(This scene is an unpublished prologue to Not A Mistake)
Jordan glanced around the bustling café and saw no familiar faces. Thank God. She sank deeper into the battered sofa and raised the book higher to hide her face. Surely, with this particular paperback in her hands, anyone who caught a glimpse of the flaming blush on her cheeks would know exactly why she’d turned church-door red. More slowly, she reread the mortifying passage in Professor Lawrence’s book.
To indulge in sexual fantasies about a colleague, friend, or acquaintance is undoubtably a form of sexual abuse, rendering them an object with no opportunity to consent. Whether romantic or explicit, the fantasy inevitably alters the relationship—innocence and mutuality are lost. Furthermore, as reported in the case studies cited above, nearly all illicit transgressions begin with fantasies of breeching the appropriate boundaries of the relationship. The fantasy is the first step, the story that rationalizes the unethical behavior to come.
Was he right?
She’d certainly let her mind go wild imagining him without his permission. In an absurdly porn-esque scenario, she’d fantasized about him approaching her after class with a stern, “There’s something I need to speak to you about in private.” Once they were alone in his office, his gray eyes would burn with feral hunger and he would say, “I can’t resist anymore. I have to have you, just this once. Tell me you feel the same way.”
Jordan would step near his lean, powerful torso, feel the heat radiating off him, and say “You know I do,” before she kissed him.
She made sure always to wear a skirt to this particular fantasy, even though jeans were her standard seminary attire, so he could reach under it to cup her butt as he pulled her close, then bent her over the desk and said filthy, un-professorial things in her ear.
Sure, maybe she’d felt a little awkward the next time she saw him, but so what? No way were those lusty daydreams the first step leading anywhere. Dominic if-your-eye-causes-you-to-lust-gouge-it-out Lawrence would never sleep with a student, and she wouldn’t want him to. His principles, if somewhat rigid, were also entirely admirable.
Someone coughed and her skin tightened. Could a throat clearing sound familiar?

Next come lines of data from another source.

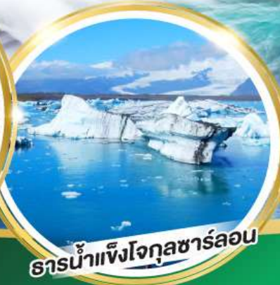
ธารน้ำแข็งโจกุลชาร์ลอน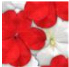
Red White Mixture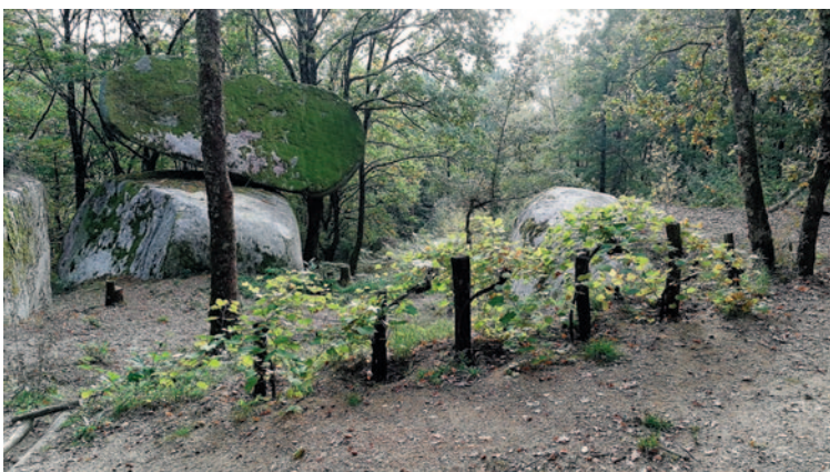
Mise en valeur du roc du Batistou.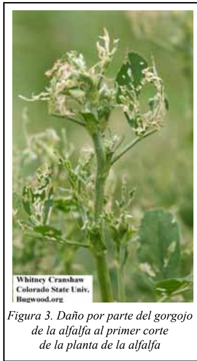
Figura 3. Daño por parte del gorgojo de la alfalfa al primer corte de la planta de la alfalfa

El gorgojo de la alfalfa no alcanza niveles de daños económicos cada año, por lo que los productores tendrán que depender del sondeo para determinar si los campos contienen poblaciones significativas del gorgojo. Una herramienta útil para determinar cuándo iniciar el sondeo en Pensilvania es el mapa del gorgojo de la alfalfa, el sistema PA-PIPE ( http://cas.psu.edu/spotlight/pa-pipe.html ). PIPE significa "Plataforma de Información sobre Plagas de Extensión y Educación". El PA-PIPE es un esfuerzo financiado por el Colegio de Agricultura de la Universidad de Penn State para predecir las poblaciones de plagas. Los cultivadores pueden comprobar página, que se actualiza continuamente, para ver cómo la población podría estar desarrollándose en su área del estado y entonces basar su exploración en estos modelos de predicciones.

Because, if so, that might very well be…She lowered the book just enough to peek over the top.
Professor Lawrence towered over her, a red demitasse in his hand, his golden eyebrows arched, his sandy hair in that perfectly sculpted swoop back from his forehead.
He took a seat on another shabby sofa across a narrow coffee table from her and rested his ankle on his opposite knee. “A little pleasure reading?”
The blush radiated from somewhere deep inside to smolder under her skin. But she tried to shake it off. Even if he’d caught her in flagrante delicto, rehashing her allegedly immoral fantasies about him, he couldn’t read her mind. In fact, that’s why his whole ethical argument was bogus. Thoughts were private and secret, and almost always harmless.
She closed the paperback, using her ballpoint pen to mark the page. For a churchy book, the cover wasn’t bad. An artsy close up of a man’s neck clothed in a clerical collar, and the title in large white block print: Sins of the Fathers. In it, he’d detailed his studies of clergy who’d abused their spiritual authority by conducting affairs with parishioners or church employees.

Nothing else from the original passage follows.